This sample shows a minimal conversion from our vector addition CPU code to C for CUDA, consider this a CUDA C ‘Hello World’. If you are not yet familiar with basic CUDA concepts please see the Accelerated Computing Guide. The full source can be viewed or downloaded from the OLCF GitHub. Please direct any questions or comments to help@nccs.gov

vecAdd.cu

#include <stdio.h>
#include <stdlib.h>
#include <math.h>

// CUDA kernel. Each thread takes care of one element of c
__global__ void vecAdd(double *a, double *b, double *c, int n)
{
    // Get our global thread ID
    int id = blockIdx.x*blockDim.x+threadIdx.x;

    // Make sure we do not go out of bounds
    if (id < n)
        c[id] = a[id] + b[id];
}

int main( int argc, char* argv[] )
{
    // Size of vectors
    int n = 100000;

    // Host input vectors
    double *h_a;
    double *h_b;
    //Host output vector
    double *h_c;

    // Device input vectors
    double *d_a;
    double *d_b;
    //Device output vector
    double *d_c;

    // Size, in bytes, of each vector
    size_t bytes = n*sizeof(double);

    // Allocate memory for each vector on host
    h_a = (double*)malloc(bytes);
    h_b = (double*)malloc(bytes);
    h_c = (double*)malloc(bytes);

    // Allocate memory for each vector on GPU
    cudaMalloc(&d_a, bytes);
    cudaMalloc(&d_b, bytes);
    cudaMalloc(&d_c, bytes);

    int i;
    // Initialize vectors on host
    for( i = 0; i < n; i++ ) {
        h_a[i] = sin(i)*sin(i);
        h_b[i] = cos(i)*cos(i);
    }

    // Copy host vectors to device
    cudaMemcpy( d_a, h_a, bytes, cudaMemcpyHostToDevice);
    cudaMemcpy( d_b, h_b, bytes, cudaMemcpyHostToDevice);

    int blockSize, gridSize;

    // Number of threads in each thread block
    blockSize = 1024;

    // Number of thread blocks in grid
    gridSize = (int)ceil((float)n/blockSize);

    // Execute the kernel
    vecAdd<<<gridSize, blockSize>>>(d_a, d_b, d_c, n);

    // Copy array back to host
    cudaMemcpy( h_c, d_c, bytes, cudaMemcpyDeviceToHost );

    // Sum up vector c and print result divided by n, this should equal 1 within error
    double sum = 0;
    for(i=0; i<n; i++)
        sum += h_c[i];
    printf("final result: %f\n", sum/n);

    // Release device memory
    cudaFree(d_a);
    cudaFree(d_b);
    cudaFree(d_c);

    // Release host memory
    free(h_a);
    free(h_b);
    free(h_c);

    return 0;
}

Changes

Kernel:
The kernel is the heart of our CUDA code. When a kernel is launched the number of threads per block(blockDim) and number of blocks per grid(gridDim) are specified. The total number of threads is (blockDim) * (gridDim). Each thread evaluates one copy of the kernel.

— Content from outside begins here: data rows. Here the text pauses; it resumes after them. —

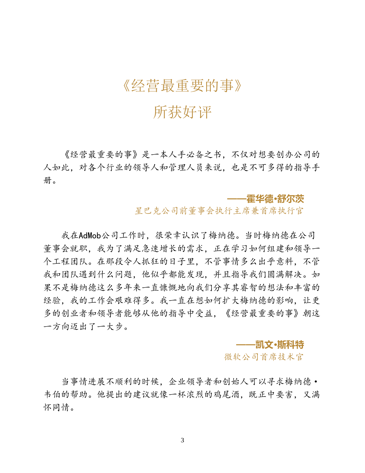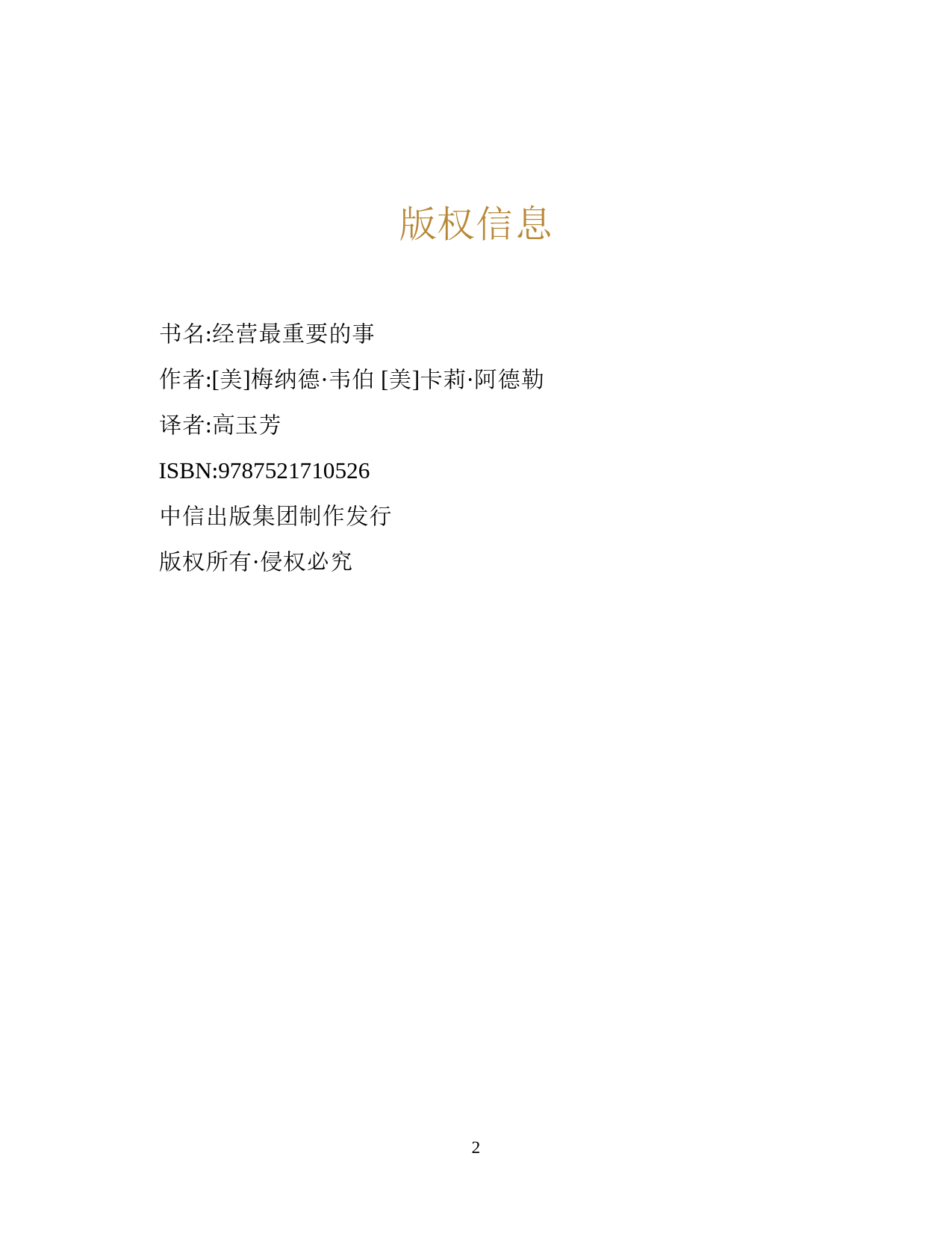 版权信息书名:经营最重要的事作者:[美]梅纳德·韦伯[美]卡莉·阿德勒译者:高玉芳ISBN:9787521710526中信出版集团制作发行版权所有·侵权必究2《经营最重要的事》所获好评《经营最重要的事》是一本人手必备之书,不仅对想要创办公司的人如此,对各个行业的领导人和管理人员来说,也是不可多得的指导手册。——霍华德·舒尔茨星巴克公司前董事会执行主席兼首席执行官我在AdMob公司工作时,很荣幸认识了梅纳德。当时梅纳德在公司董事会就职,我为了满足急速增长的需求,正在学习如何组建和领导一个工程团队。在那段令人抓狂的日子里,不管事情多么出乎意料,不管我和团队遇到什么问题,他似乎都能发现,并且指导我们圆满解决。如果不是梅纳德这么多年来一直慷慨地向我们分享其睿智的想法和丰富的经验,我的工作会艰难...
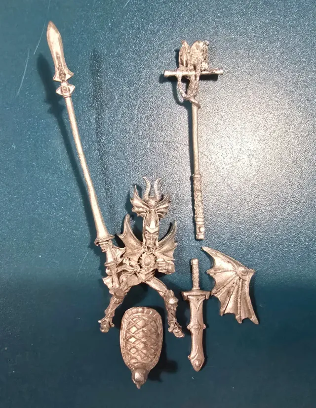 - Figura ultra rara de encontrar, diseñada en 1998 por Chris FitzPatrick para 5a edición de Warhammer Fantasy como jinetes de dragón mercenario, puede usarse en ejércitos elfos también
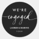 Modern Minimalist Black Calligraphy We're Engaged Classic Round Sticker
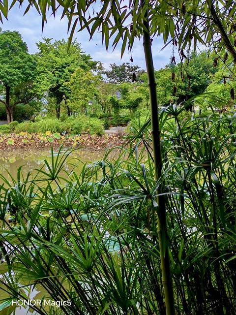 荷枯无果熟,岸窄有新竹。

// CUDA kernel. Each thread takes care of one element of c
__global__ void vecAdd(double *a, double *b, double *c, int n)
{
    // Get our global thread ID
    int id = blockIdx.x*blockDim.x+threadIdx.x;

    // Make sure we do not go out of bounds
    if (id < n)
        c[id] = a[id] + b[id];
}

Let’s take a look at what makes up this simple kernel.

__global__ void vecAdd(double *a, double *b, double *c, int n)

The __global__ decorator specifies this is a CUDA kernel, otherwise normal C function syntax is used. The kernel must have return type void.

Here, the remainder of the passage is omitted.